Читать «Седая легенда» онлайн - страница 37

Владимир Семенович Короткевич

Едет, глядит на людей сияющими глазами, великоватый рот улыбается. Рада, давно ведь не видела никого. Такая еще девчонка, тоненькая — двумя пальцами сломать можно.

А плач катится волнами:

— Ясонька ты наша, заступница. Прости тебе господь. А и ты нас прости.

И она кланяется и радостным голосом — все равно концу какому-то быть — говорит:

— Прости, люд православный, прости.

Остановили телегу возле узкого высокого дома — замкового суда. Ирину сняли с телеги, повели переходами вверх.

В зале длинный стол, кресла без спинок, смердит чернилами из кожаных чернильниц. И из окон так мало света, что зажжены три свечи. От одной струйка копоти тянется на низкий сводчатый потолок.

Больше ничего. Разве что тяжелая дверь в стене справа. В пыточную. За столом Друцкий, Деспот-Зенович да два писца. И еще советник из магистрата.

Госпожа села и сидит бледная, неподвижная, как идол. И веки сомкнуты. А на высокой прическе меховая шапочка с заморскими перьями.

Разбирательство было короткое. Исписали провинности, коих не оказалось, кроме влечения к мужицкому царю. Никаких оснований для подозрения, никаких совещаний с мятежниками. И никаких оснований предполагать злонамерение, разве что попытается увидеться с Романом.

Что делать?

У Друцкого еще плотнее сухая кожа щек к зубам прилипла.

— На дыбу повесить — не за что. Мучить зря ни к чему. Но и отпустить опасно… В замковое подземелье, на вечное заточение. Или лучше — огнем казнить. Приворожила бывшего нобиля.

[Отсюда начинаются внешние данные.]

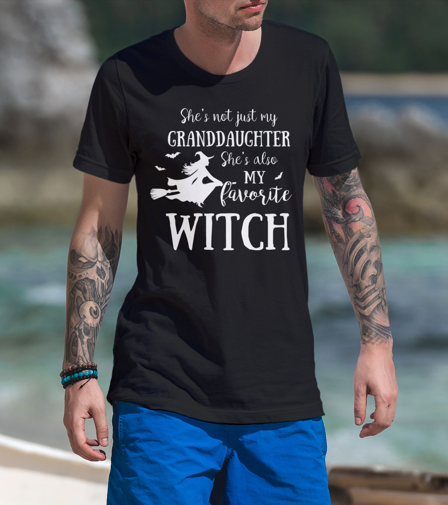 She’s Not Just My Granddaughter She’s Also My Favorite Witch With Flying Witch And Bats T-Shirt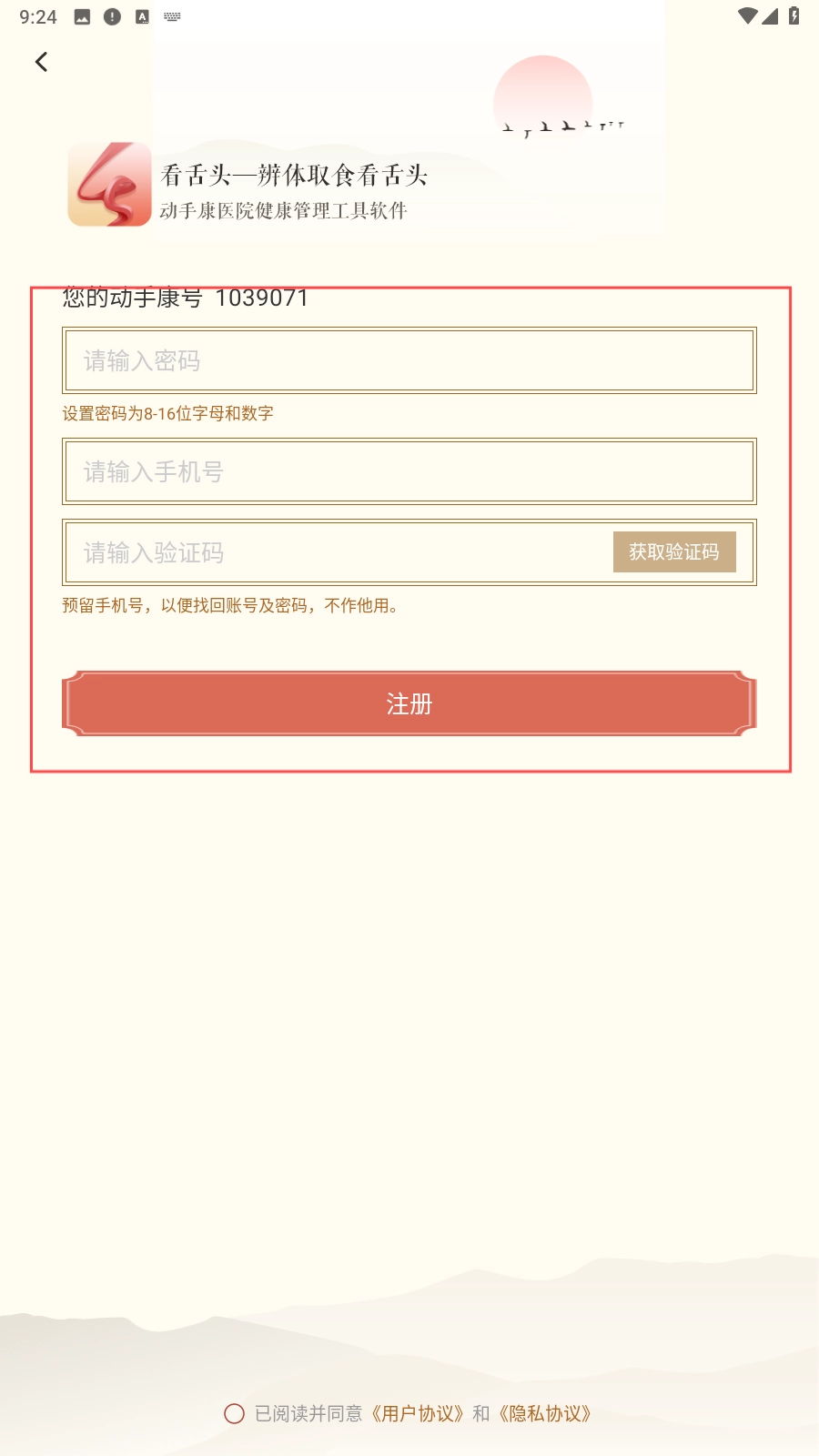 在注册界面输入【手机号】【验证码】【密码】即可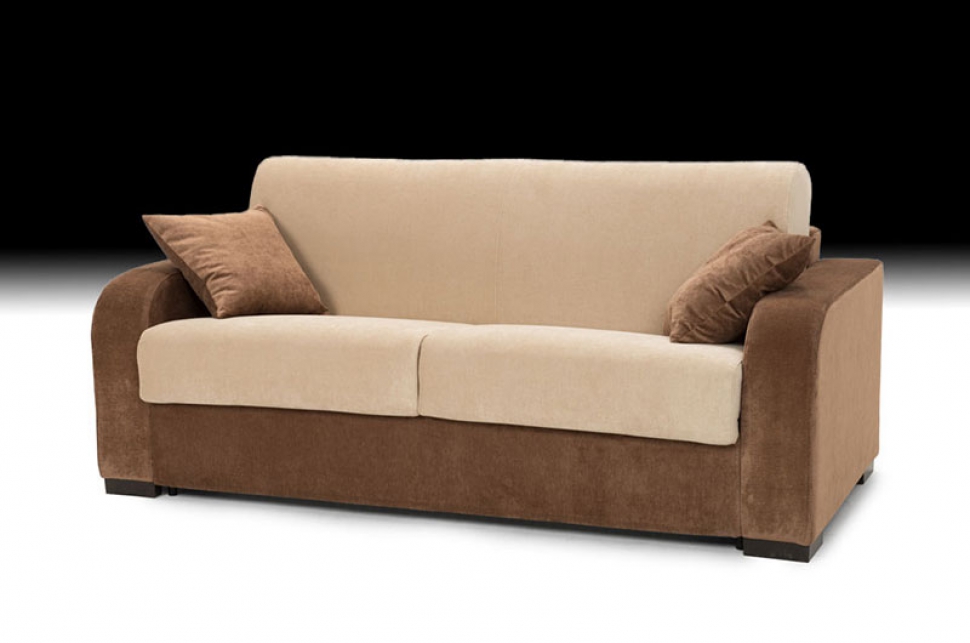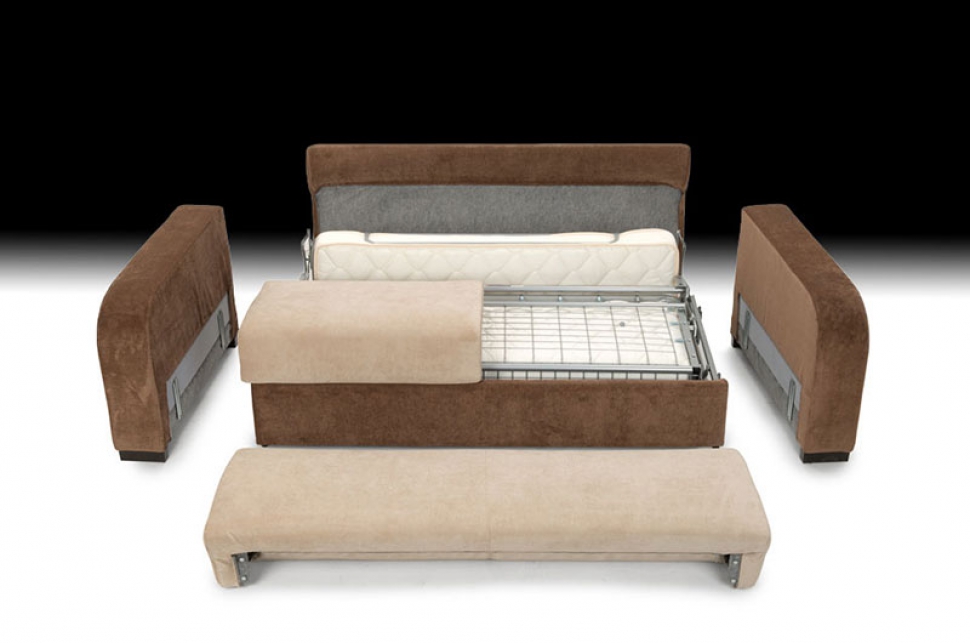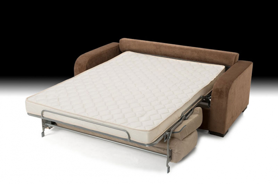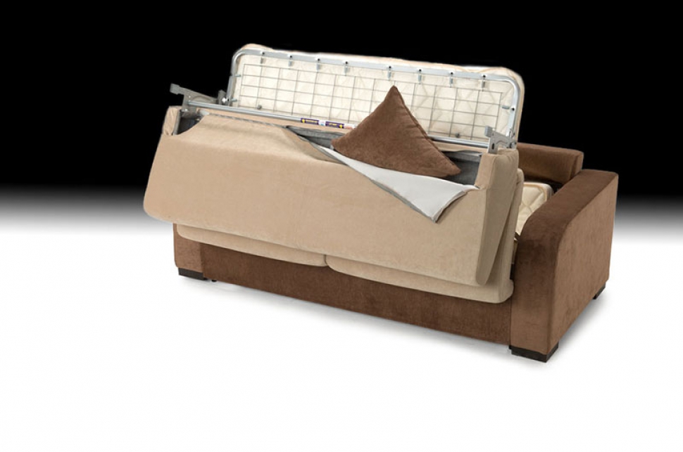 Meccanismo letto in acciaio strutturale con apertura mediante capovolgimento anteriore dello schienale e delle sedute senza rimozione degli elementi di tappezzeria.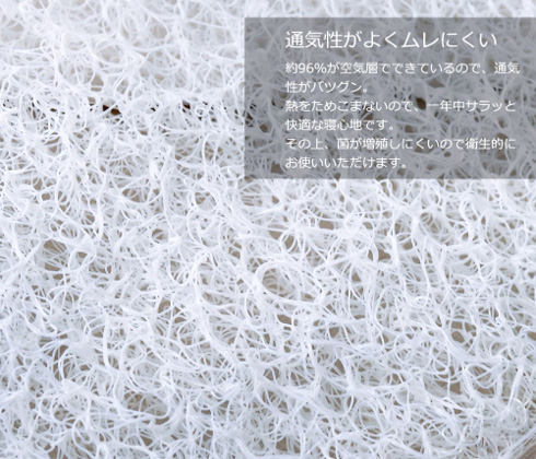 通気性が良く蒸れにくい。約96%が空気層で出来ているので、通気性が抜群。熱をため込まないので、1年中サラッと快適な寝心地です。その上、菌が増殖しにくいので衛生的にお使いいただけます。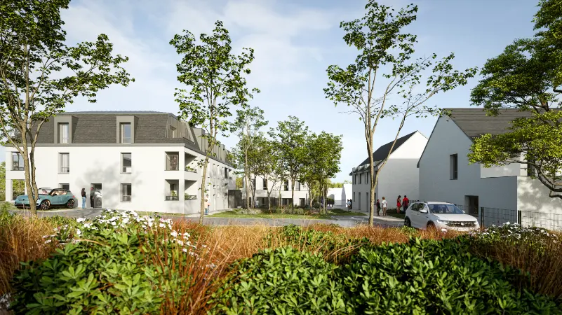 Résidence Viadoma à Loire-Authion 49, programme immobilier comprenant 19 appartements et 6 maisons avec espaces verts paysagers.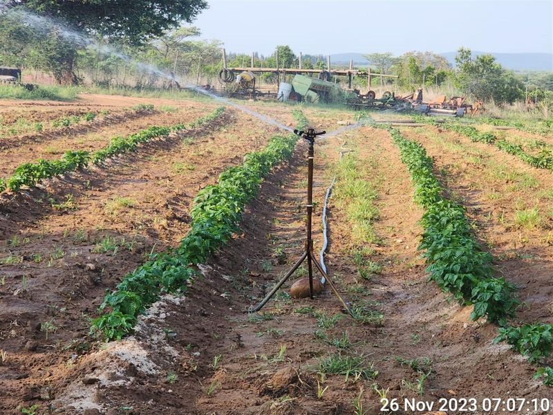 Country-living opportunity 15km from Mookgopong with productive irrigation, multiple high-capacity boreholes and large reserve dams — family home with pool and expansive storage for farming.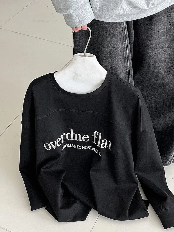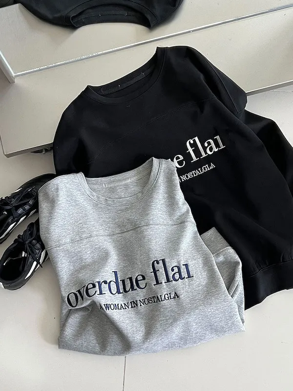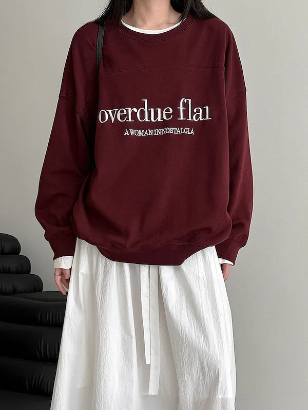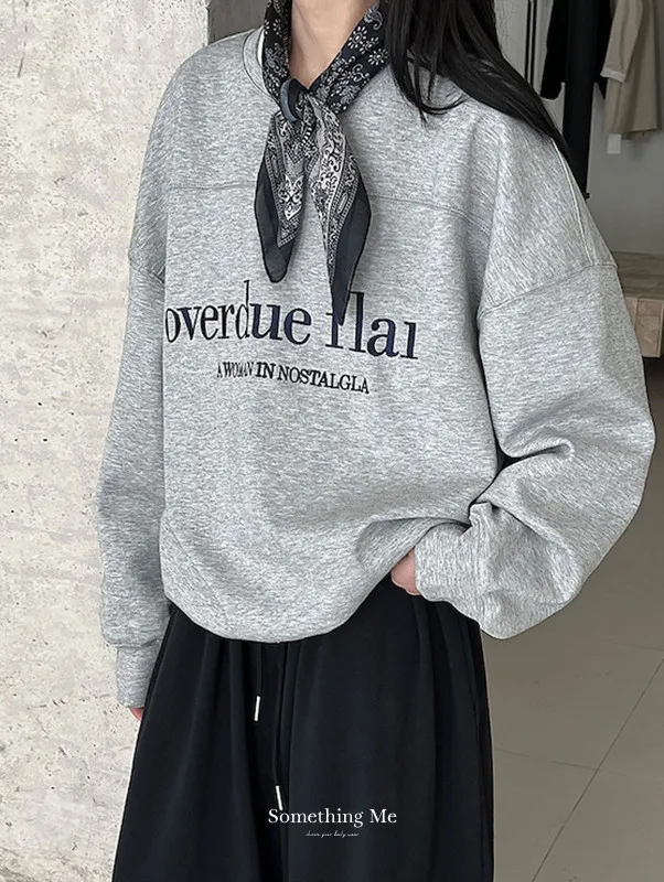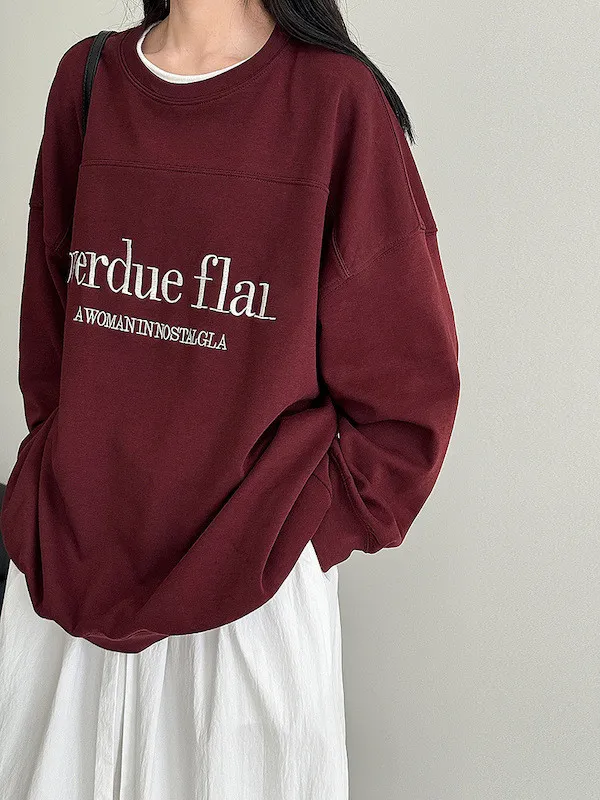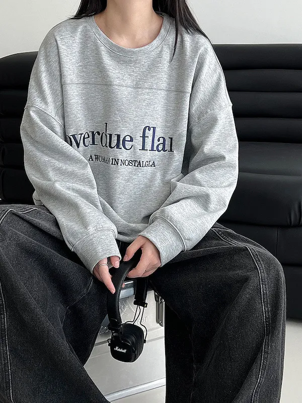 韓系隨性字母刺繡廓形寬鬆衛衣 3色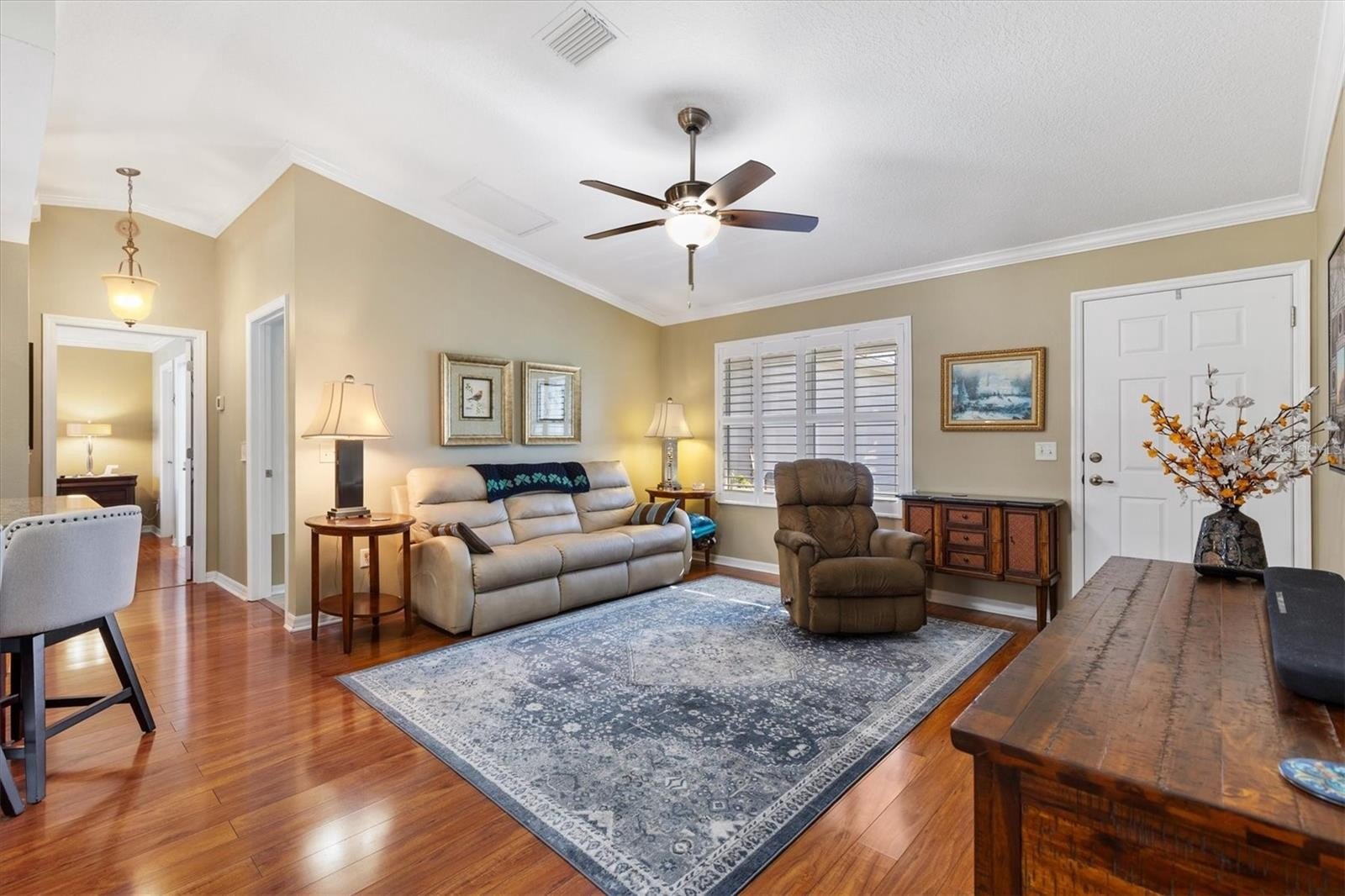 Step inside to soaring vaulted ceilings and an abundance of natural light enhanced by a solar tube, creating a bright, open, and inviting atmosphere. The home showcases seamless flooring throughout (no carpet), complemented by plantation shutters, elegant crown molding, and smooth ceilings free of popcorn texture, delivering a clean and polished look.

— Почему? — спрашивает Деспот-Зенович.

— Тут не обошлось без колдовства, — желчно говорит Друцкий. — Не такую любовь всевышний в Кане Галилейской благословлял.

А Деспот улыбается:

— Любовь… А что ты в ней понимаешь? Она разная, любовь. Богом ли, чертом ли дана, а все равно лучше ее ничего нет. — И обращается к радцу: — А твоя мысль какая?

— Отпустить, — вздохнул тот, — отдать этому ироду. На Романе роду Ракутовичей предел. Нехорошо.

— Ясно, — говорит Деспот.

И тут вскочил князь Друцкий — заметалась тень по потолку.

— Отпустить? Отдать? А Кизгайла-мученик в чем перед смертью клялся? А одержимая давеча что пророчила? Хочешь смуты вечной, хочешь предела панству? Казнить ведьму!

Ирина стоит перед ним, глядит лучезарными глазами:

— Не любил ты, видно, князь. Свечной огарок у тебя вместо сердца. Какое же здесь волшебство? — И Деспоту: — Не чаровала я. Если и чаровала, так глазами, голосом, словом.

Пани Любка взглянула на нее и опустила глаза. А Деспот-Зенович долго глядит на подсудимую. Лицо у него здоровое, нескладное. А глаза умные, как у собаки.

— Ну скажи, пан, чем я его околдовала? Крест ведь на мне.

Тот улыбается грустно:

— Вижу, чем ты его околдовала. Вижу, дочка.

И глаза прикрыл. Я почти знал, о чем он думает. Знал, как он в Варшаве жил, когда был молод, в кого по глупости влюбился. И чем это кончилось.

Но он недолго думал. Заморгал вдруг ресницами и жестко так говорит Друцкому:

— Любовь не спрашивает, когда приходит. Может и Сатир влюбиться в Геру . Да и она его может пожелать. Молний не боясь.

— Тебе лучше знать, — язвительно говорит тот.